I load the tiny Leica at the kitchen table, the CL that almost fits in my palm. There are piles of broken asphalt downstairs and the remnants of a flash flood. Maybe there is a picture there, some workers out of focus with their great machines as the puddles turn opaque with dirt and oil.

Downstairs the backhoes and the rollers are rumbling back and forth, men in rain ponchos are grinding down curb stones. A truck with tar and gravel beeps in a steady rhythm. The entire neighbourhood is like this, all overturned fences and exposed earth. Pipes are being replaced deep in the ground. Welding torches light up in the mornings with a snakelike hiss. They all know the snow is coming, it could be here in a week or two. The ground will grow cold and stiff. Those great puddles with nowhere to go will turn to ice. At night the temperature already hovers just around zero.

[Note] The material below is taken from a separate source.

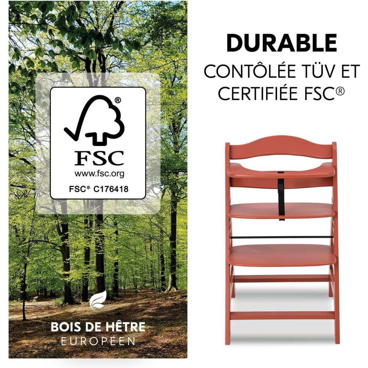 Alpha+ - La chaise haute en bois qui grandit toute savie Compagnon à vie en bois durableL'Alpha+ est fabriqué à partir de bois de hêtre européen provenant de forêts certifiées FSC®. Nous attachons une grande importance à une exploitation durable et écologique des forêts qui protège les plantes et les animaux. Grâce à la plaque d'assise et de pied réglable. la chaise haute d'escalier s'adapte à la taille de votre enfant et permet une position assise confortable à tout âge. La chaise haute s'adapte également avec des branches sous presque toutes les tables et est un compagnon fiable avec une charge maximale de 90 kg - toute une vie.Particulièrement stable pour des repas sûrsLa construction stable avec des patins au sol rend l'Alpha+ résistant au basculement. La ceinture à 5 points et la sangle d'entrejambe assurent une sécurité supplémentaire. Les deux systèmes de ceinture sont toujours fournis et sont compatibles avec les accessoires tels que les coussins de siège. Pour les jeunes enfants. la barre de protection avant est indispensable. Plus tard. vous pouvez le retirer pour que votre enfant puisse s'asseoir à la salle à manger ou au bureau.Confort dès la naissance avec des accessoires flexiblesCombiné avec les accessoires pour bébé Alpha Bouncer. qui peuvent également être utilisés comme transat. votre bébé est à égalité avec la famille dès le début. Vous pouvez compléter l'Alpha+ avec différentes planches. des coussins pour chaise haute. des réducteurs de siège. des boîtes de rangement et un plateau de jeu personnalisable.

Past the farmer's market, another crew is laying down a fresh layer of asphalt. There are more random piles of old road, standing like odd spikes to photograph. And then I see a driver jumping from behind the wheel of the backhoe. He punches one of the workers, one hit directly on the nose. The old man does not fight back. His hands hang limp at his sides, beneath the transparent poncho. The driver is just in a t-shirt, tight to his biceps, his black hair is short, his face unshaved. More shouting, and he presses the worker's face against the muddy ground.

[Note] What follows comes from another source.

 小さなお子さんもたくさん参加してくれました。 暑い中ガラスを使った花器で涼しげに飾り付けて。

The frail man does not fight back, no fists raised, no dispute, no denial. He barely defends himself, as he slides away and tries to stand up on the wet grass. Another flurry of words from the driver, his fist dangles in the air, telegraphing his next punch. It comes, and the man absorbs it more sponge than human. The other workers say nothing. They keep to their wheelbarrows. No shovels twist in their hands to defend him. It is as if this is not real to them. My camera slides into a pocket. A mother and her child stand near me, all of us watching the altercation.

This is not something to photograph. Not here. That would just be foolish.

I make my legs move, bringing me towards to the trolley buses that lurch towards the metro station. I do not look back. That man was trapped. He could run off and let the driver lose some steam. But no, something forces him to stay, something larger than this moment. Nothing remains but his surrender. He could easily be a migrant, an illegal. Many of them come to Moscow to make money to send home, supporting entire families with the handful of rubles they earn sweeping the streets and picking up garbage. The police hound everyone that looks like him, asking for documents and when he admits that he does not have them he can be carted off, or a bribe will let him off the hook. The choice is his.